In this session, we explore how citizenship can be theorized in diverse contexts of higher education, across both the global north and south. By fostering a dialogue between citizenship studies and geographies of higher education, the session will allow us to rethink and renew the research agenda on the geographies of higher education students. We are interested in multiple ways of thinking about citizenship as informed by students’ experiences during and beyond term-time, their mobilities across various scales and borders, as well as their engagement with explicit and implicit forms of politics. We want to unpack the ways in which dominant understandings of the ‘student voice’ and the ‘student experience’ in higher education are assembled through representations, discourses, and practices of citizenship within particular political-economic and socio-cultural regimes. We are also keen to examine students’ responses to the burdens placed upon them in terms of peer, institutional and policy pressures and the extent to which this might act as potential catalysts for change. Papers that offer fresh materials, theoretically and empirically, to advancing existing scholarship on the geographies of citizenship in higher education and student lives are especially welcomed.

Please submit a 250-word abstract with title and short bio to Mark Holton (mark.holton@plymouth.ac.uk) and Yi’En Cheng (yien.cheng@yale-nus.edu.sg), by 20 September 2016.
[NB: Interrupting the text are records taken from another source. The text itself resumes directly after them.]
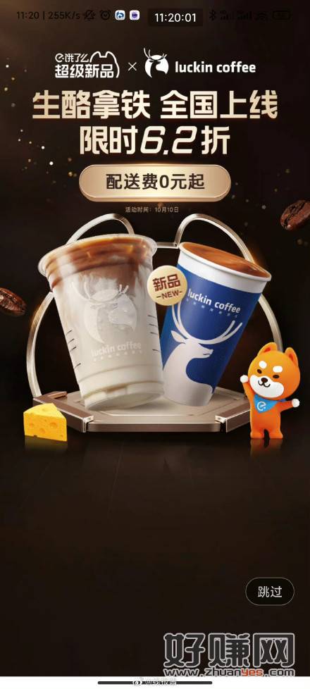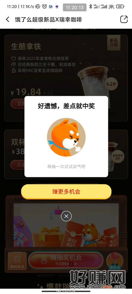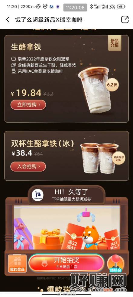 饿了么下拉抽一分钱瑞幸新品,运气好就和我图三一样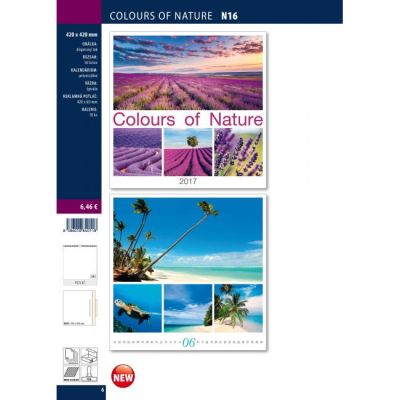 Rozmer: 420 x 420 mm. Obálka : disperzný lak. Rozsah: 14 listov. Kalendárium: univerzálne. Väzba: špirála. Balenie: 10 kusov.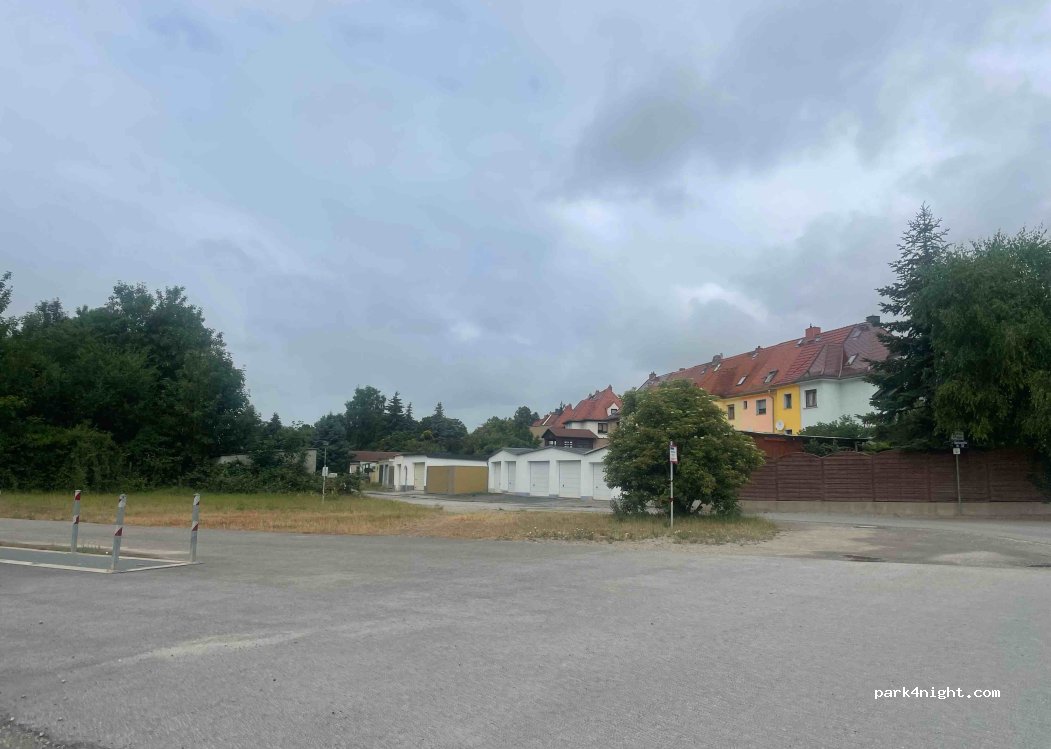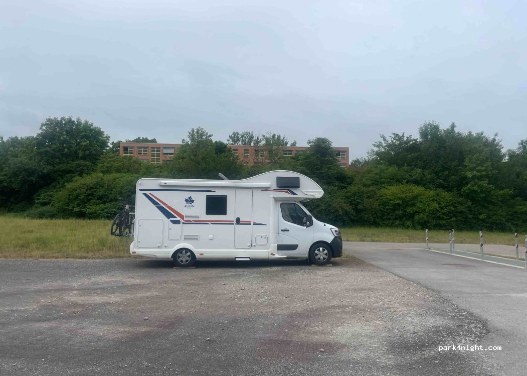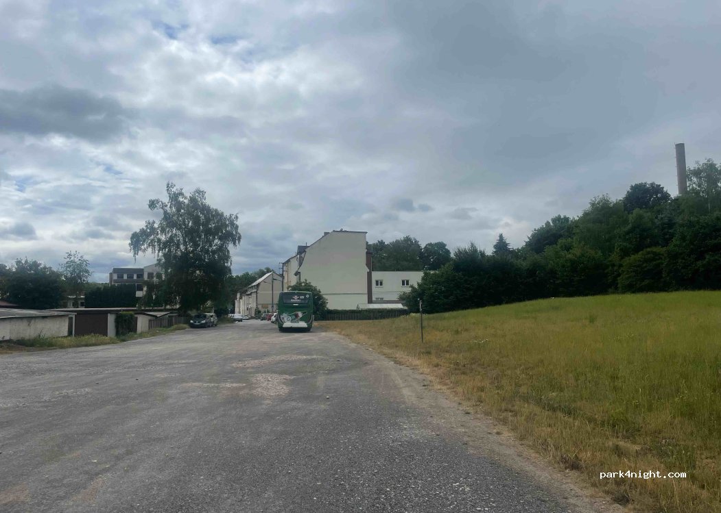 Ein Platz in Parknähe auf der Rückseite der Häuser. Wenig Verkehr. Abends ein paar Radfahrer und früh ein paar Leute die auf Arbeit fahren. Viel Platz auch für größere Fahrzeuge. Ein großer Park ist in der Nähe und dahinter ein Freibad. Einkaufsmöglichkeiten in der Innenstadt 20 Minuten zu Fuß.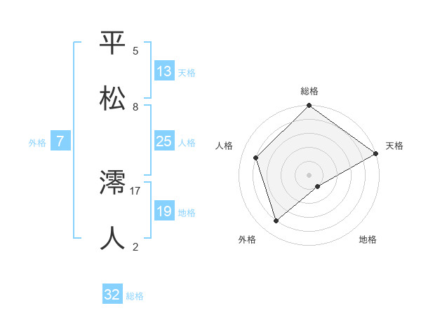 平松 澪人さんの総格は32画の5点!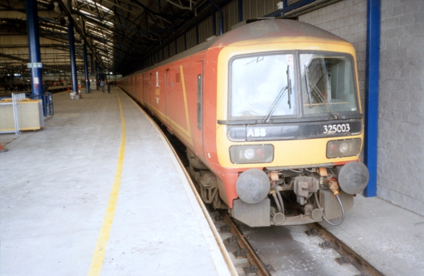 A Class 319 body shell and a Networker cab: the dual voltage Class 325. No. 325003 is seen at the northern-most platform of the cavernous Princess Royal Distribution Depot. Nearly a quarter of a century after this photograph was taken, No. 325003 was still plying the West Coast Main Line, albeit now lacking yellow stripes on either side. The occasion of this photograph was the "Red Nose" rail tour of the "Branch Line Society", which saw Class 313 unit Nos. 313056/057 visit the depot. © David Glasspool Collection

Symposium on Student Politics and Protest

Despite allegations of political disengagement and apathy on the part of the young, the last ten years have witnessed a considerable degree of political activity by young people – much of it led by students (for example, protests against tuition fees, or as part of the Occupy movement) and/or directed at changes to the higher education system. Such activity has been evident across the globe.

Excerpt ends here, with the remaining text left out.